# Gun building question



## mikedabuilder (Feb 4, 2007)

I have been shooting for quite a few years and have just fell in love with pistol shooting, and I can't get eough of it.

:smt023 Bought a Kimber Gold match with a .22 conversion kit a few months ago. 

My question is since I really don't use the 22 kit much is it possable to build a .22 1911 around this barrel? Also how hard is it to buy the parts and assemble the gun? I am a builder and work with my hands and can perform the fitting required I am just not sure how much fitting and smithing tools are required. 

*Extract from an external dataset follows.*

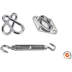 Nous vous garantissons toute une gamme d'accessoire de qualité supérieure complètement adapté à une utilisation maritime. Découvrez notre gamme d'accessoires pour voiles d'ombrage en acier inoxydable (INOX 316), extrêmement solide et résiste à la corrosion. Grâce à eux, vous profitez de votre voile sans aucun soucis. Ensemble fixation inox pour voiles d'ombrage triangulaires comprennent :3 x Pontet sur platine Losange en INOX A4 - 8cm x 5cm x 8mm6 x Mousqueton de sécurité en INOX A4 - 8cm x 4cm x 8mm3 x Tendeur croc-croc en INOX A4 - M8 Caractéristique : Matières et finitions de qualité supérieure Acier inoxydable de haute qualité (INOX A4 316) Adapté à une utilisation maritime Contrôle qualité SGS Dimension : Tendeur croc-croc en INOX A4 - M8 Pontet sur platine Losange en INOX A4 Mousqueton de sécurité en INOX A4

Thanks for any help you can offer.
Mike


----------



## 2400 (Feb 4, 2006)

mikedabuilder said:


> I have been shooting for quite a few years and have just fell in love with pistol shooting, and I can't get eough of it.
> 
> :smt023 Bought a Kimber Gold match with a .22 conversion kit a few months ago.
> 
> ...


Let me get this straight, you have a 22 upper (complete slide assembly) and want to build a pistol around it? It's easy to do, Brownells, Midway and many other places have tons of 1911 parts. Just get a new/used 1911 frame, order up your parts and put it together.

Here's a few places to start looking.

www.brownells.com
www.midway.com
www.e-GunParts.com


----------



## scooter (May 9, 2006)

2400 did ya good, I will just note that your frame will have to be ordered/bought from a FFL dealer in case ya didnt know that already.


----------



## mikedabuilder (Feb 4, 2007)

Thanks guys,
I just was not sure if machining of these parts was required. I did know about the FFL to buy the frame. 

Now what determines accuracy? I know I can not build a custom quality gun but what can I control to build an accurate gun? 

Thanks again guys
Mike


----------